Part of the reason for ousting Scaramucci, the White House said, was to give Kelly “a clean slate and the ability to build his own team,” The Associated Press reported.

Meanwhile, at one point during his interview at the Aspen Security Forum, Kelly’s phone rang.

“Do you need to take that call?” Williams said, to which Kelly responded: “It might be the president, so I do want to miss that call.” In what was a mostly somber conversation about national security, Kelly’s comment ignited laughter from the audience.

An advocate for securing the borders between the United States and Mexico, Kelly maintained at the Aspen forum that illegal immigration remains the top threat to U.S. security.

“It is from my perspective,” he told Williams. “You know, let me just start up by saying my initial conversation with Mr. Trump was he said we need to secure the borders — couldn’t agree more. He said … we have to ensure that the movement of legal people and legal things, whether it’s Canada, the maritime borders or the southwest border, that that is not only unimpeded but it is facilitated.”

Kelly went on to say that illegal movement across the southwest border has been down 70 percent in the past six months.

“And let me say up front, the people that want to come to our country, I understand why they want to come to our country,” he said. “We have a better country than they have, and they’re overwhelmingly decent people. But the fact is, we have a legal immigration system that allows 1.1 million people in every year that are on the road to citizenship. We are trying to get our arms around and are getting our arms around illegal immigration, not legal immigration.”

Kelly also weighed in his support of Trump’s travel ban that applies to the mostly Muslim countries of Iran, Libya, Somalia, Sudan, Syria and Yemen.

Kelly said it’s difficult staying current on the various court decisions that have come down the pike since Trump initiated the temporary travel ban Jan. 27. It has gone through numerous legal challenges, with the Supreme Court reinstating its key provisions June 26.

“I’ve lost track of the court rulings, but I have a large number of lawyers who live for the court rulings,” Kelly said. “We’re just being very, very careful. I do not want to get crosswise with the courts.”

He also expressed frustration about states not wishing to accept help from Washington to protect their election systems from hacking.
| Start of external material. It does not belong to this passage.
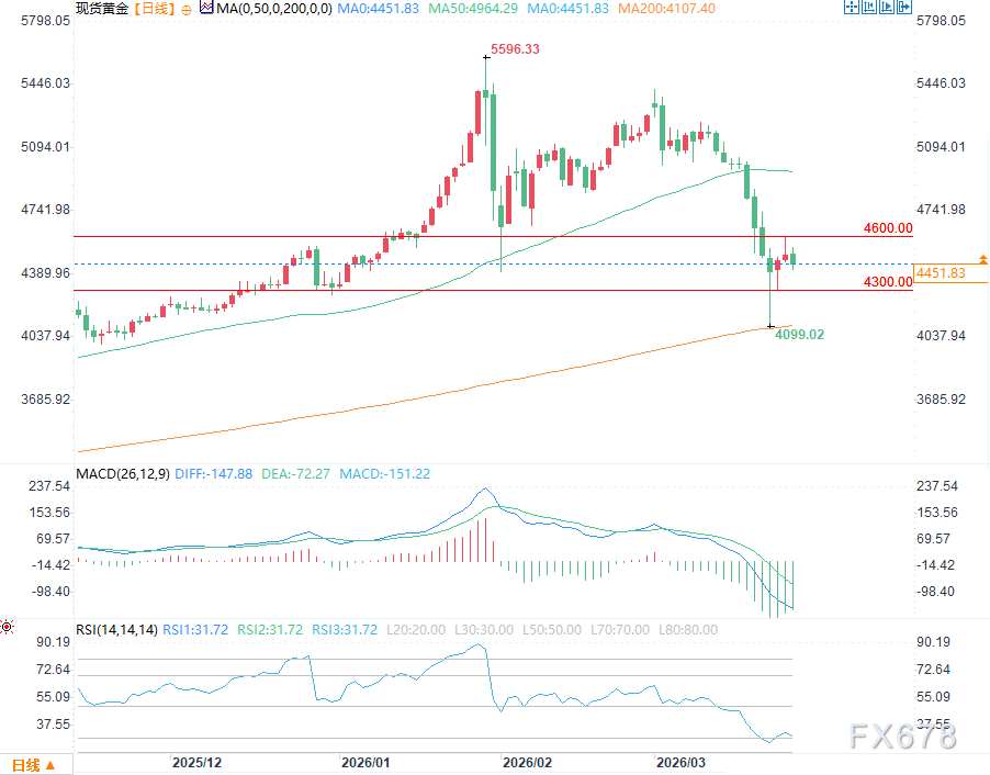 从日线图来看,黄金在4600美元/盎司一线多次受阻,该位置已逐渐形成明确的强阻力区。价格反复冲高未果,本身也强化了市场的抛压预期。

“I think they’re nuts if they don’t, because I think in the world we live in, cyberwise, any second, third, fourth objective look at what you’re doing would make sense, but if they don’t want it, the help, they don’t have to ask,” he said.

Kelly’s appointment to chief of staff even prompted a tweet Friday from Walter Isaacson, the outgoing president of the Aspen Institute, which hosted the Security Forum: “Unlike some other officials, in Aspen John Kelly avoided partisan shots, paid respect to Jeh Johnson, John Brennan.” Johnson was Kelly’s predecessor as secretary of Homeland Security, and at the Aspen Security Forum he noted that they remain good friends. Brennan ran the CIA for most of President Barack Obama’s second term.